= Tintina Trench =

Valley in Yukon, Canada

The Tintina Trench is a roughly 600 mi valley extending from southwestern Yukon, Canada to the Yukon Flats in the central portion of the U.S. state of Alaska. It is a prominent topographic lineament along the northern extension of the Northern Rocky Mountain Trench in British Columbia and it has its origin from the Tintina Fault.

It was named by R.G. McConnell of the Geological Survey of Canada in 1904 after an indigenous word for “chief.”

The Tintina Trench crosses the Continental Divide between the Pacific Ocean and the Arctic Ocean near Finlayson Lake, between Ross River and Watson Lake. The northwestern part of the valley is occupied by the Yukon River before it flows northwestward into Alaska. The central part of the valley is occupied by the Pelly River before its confluence with the Yukon River at Fort Selkirk. The southern Tintina Trench is drained by the Liard River which first flows south-eastward, then eastward and finally merges into the Mackenzie River at Fort Simpson, NWT where the combined waters turn back north for the Mackenzie's long flow to the Arctic Ocean.

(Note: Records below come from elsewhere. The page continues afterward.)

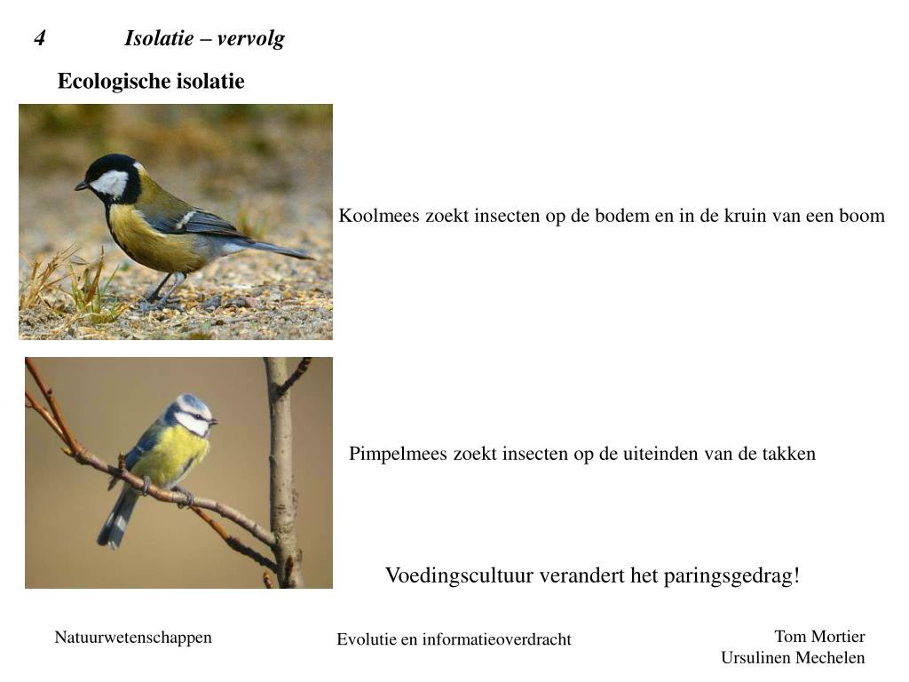 4 Isolatie – vervolg Ecologische isolatie Koolmees zoekt insecten op de bodem en in de kruin van een boom Pimpelmees zoekt insecten op de uiteinden van de takken Voedingscultuur verandert het paringsgedrag! Evolutie en informatieoverdracht
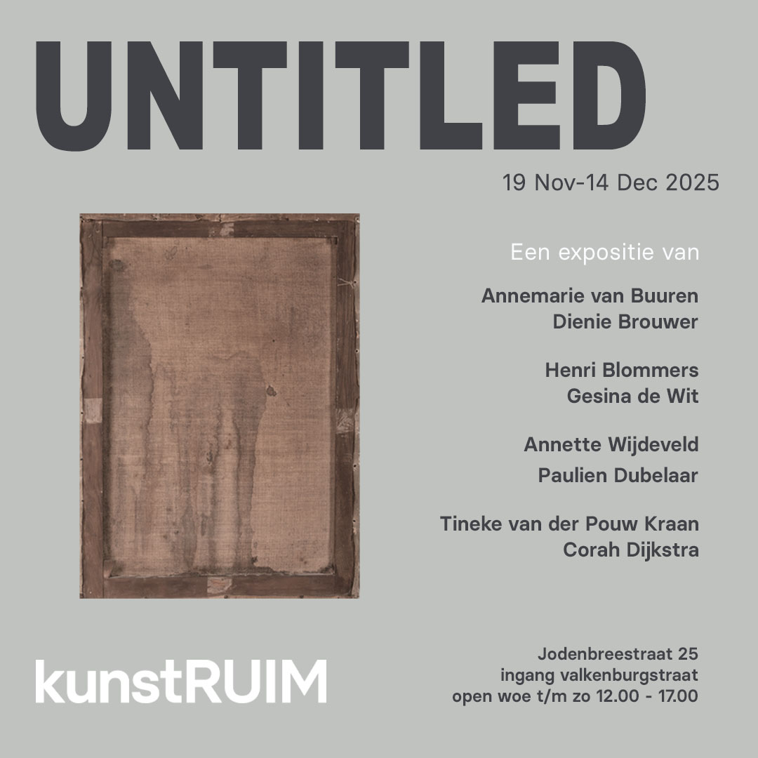 Fotografencollectief Untitled presenteert hun eerste gezamenlijke expositie. De leden van fotografencollectief Untitled leerden elkaar kennen tijdens de deelname aan toonaangevende kunstbeurzen. Geïnspireerd door hun gezamenlijke liefde voor vakmanschap en experiment besloten ze hun krachten te bundelen en zelf exposities te organiseren waarin ambachtelijk werken en artistieke vrijheid centraal staan. Ieder van hen brengt een eigen signatuur en techniek mee – van historische drukprocedés tot innovatieve experimentele methoden. Samen vormt dit een een rijk en veelzijdig geheel. Voor hun eerste gezamenlijke expositie kozen ze, niet toevallig, voor kunstRUIM, een karaktervol anti-kraakpand, dat perfect past bij hun onafhankelijke en vernieuwende spirit. Fotografen: Dienie Brouwer, Henri Blommers, Gesina de Wit, Annette Wijdeveld, Paulien Dubelaar, Tineke van der Pouw Kraan, Corah Dijkstra & Annemarie van Buuren Feestelijke opening: zaterdag 22 november 16.00- 18.00
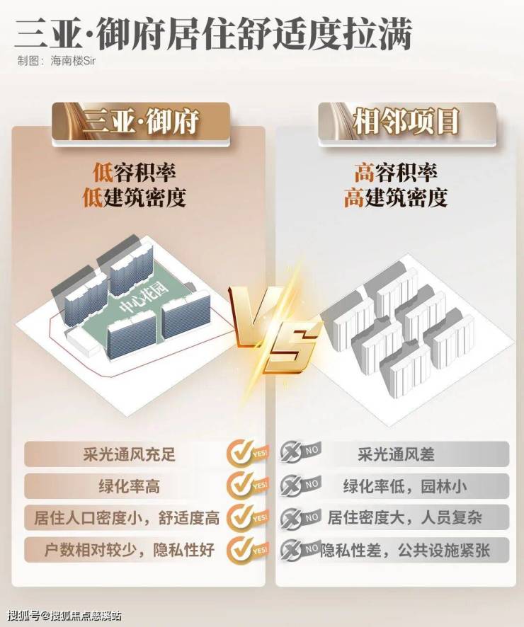 楼Sir现场对比过相邻项目,同样的地块条件,别家塞了6栋楼,而三亚·御府只规划4栋,通风采光直接秒杀。
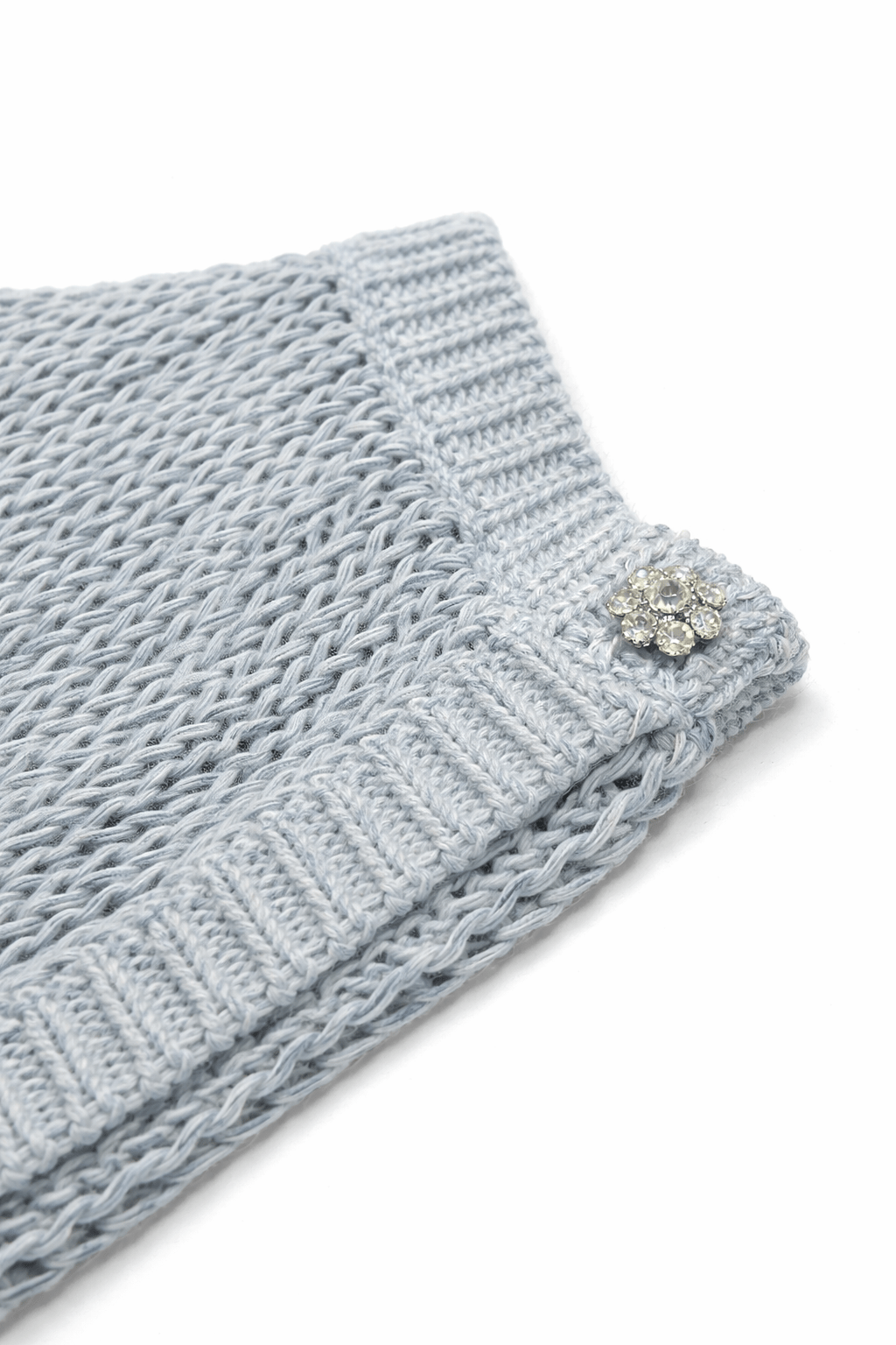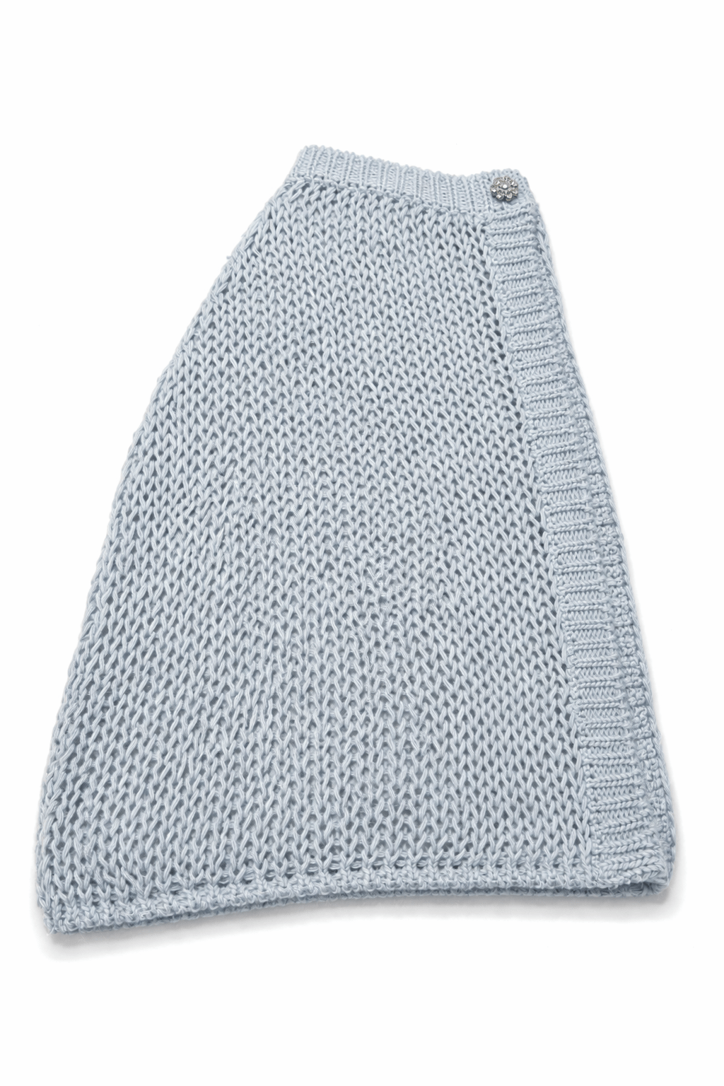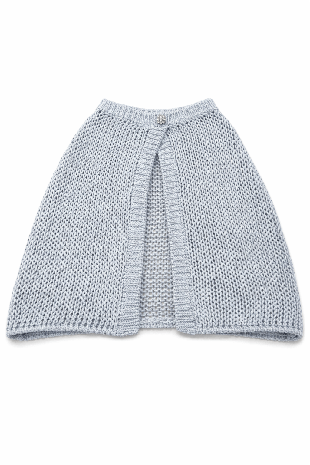 Mantella in maglia con bottone gioiello, realizzata in Italia e rifinita a mano. Un capo delicato e ricercato, dalla linea morbida e avvolgente.

Communities and features of the Trench include the following:
- Lower Post, BC on the Liard Plain, see 'last outpost of civilization' by George Mercer Dawson.
- Watson Lake, Yukon on the Liard Plain, but a waypoint for travel up the Tintina
- Ross River, Yukon
- Faro, Yukon
- Stewart Crossing, Yukon
- Dawson City, Yukon lying just west of and outside the actual Tintina Trench
- Forty Mile, Yukon
- Eagle, Alaska
- Robert Campbell Highway

==Geology==
The location of the Tintina Trench corresponds with recessive weathering rocks which have been deformed by 450 km of right lateral faulting along the Tintina Fault.